Maybe you could use glColorMask()? It let's you enable/disable writing to each of the four color components.

Jay Conrod
+5  A: 

You can set the blend-modes for RGB and alpha to different equations:

void glBlendFuncSeparate(
    GLenum srcRGB, 
    GLenum dstRGB, 
    GLenum srcAlpha, 
    GLenum dstAlpha);

In your case you want to use the following enums:

  glBlendFuncSeparate(GL_SRC_ALPHA, GL_ONE_MINUS_SRC_ALPHA, GL_ZERO, GL_ONE);

Note that you may have to import the glBlendFuncSeparate function as an extension.
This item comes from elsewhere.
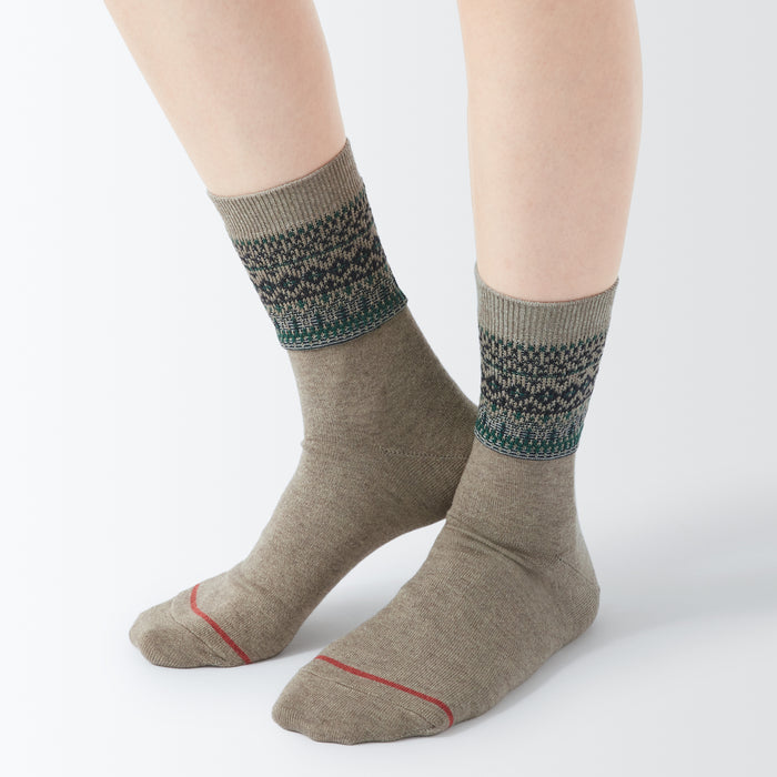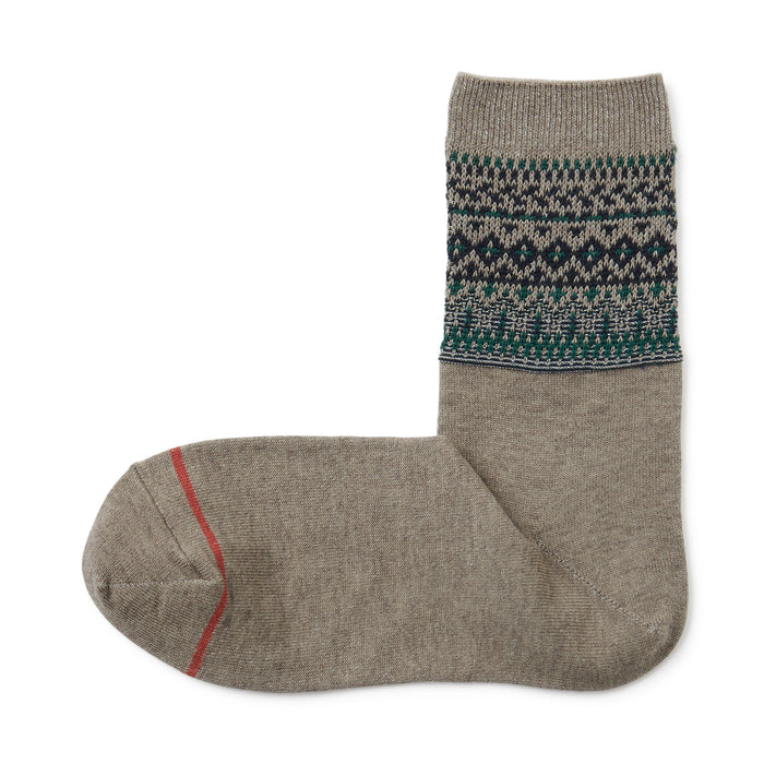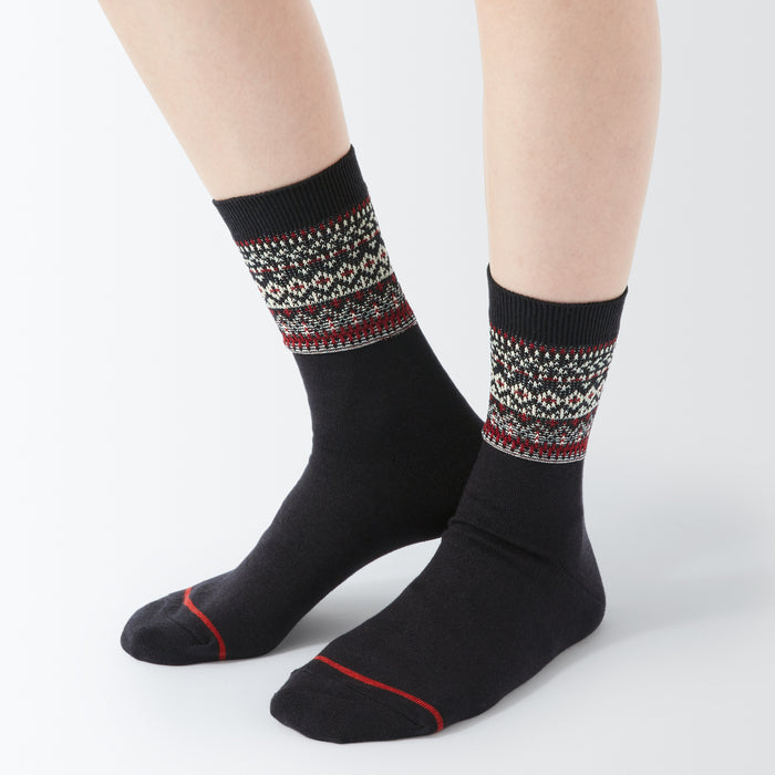 Warm socks with intricate winter designs, constructed with a blend of soft, insulated cotton and wool yarns. A portion of the cotton has been specially treated to capture your body heat, keeping you warm during colder weather. They have a red or white line marker at the toes to identify after washing.

It's safe to do so though. The function is around for a very long time. It's part of OpenGL 1.4

Another way to do the same is to disable writing to the alpha-channel using glColorMask:

void glColorMask( GLboolean red,
                  GLboolean green,
                  GLboolean blue,
                GLboolean alpha )

It could be a lot slower than glBlendFuncSeparate because OpenGL-drivers optimize the most commonly used functions and glColorMask is one of the rarely used OpenGL-functions.

If you're unlucky you may even end up with software-rendering emulation by calling oddball functions :-)

Nils Pipenbrinck
I've found glColorMask() support to be generally quite decent.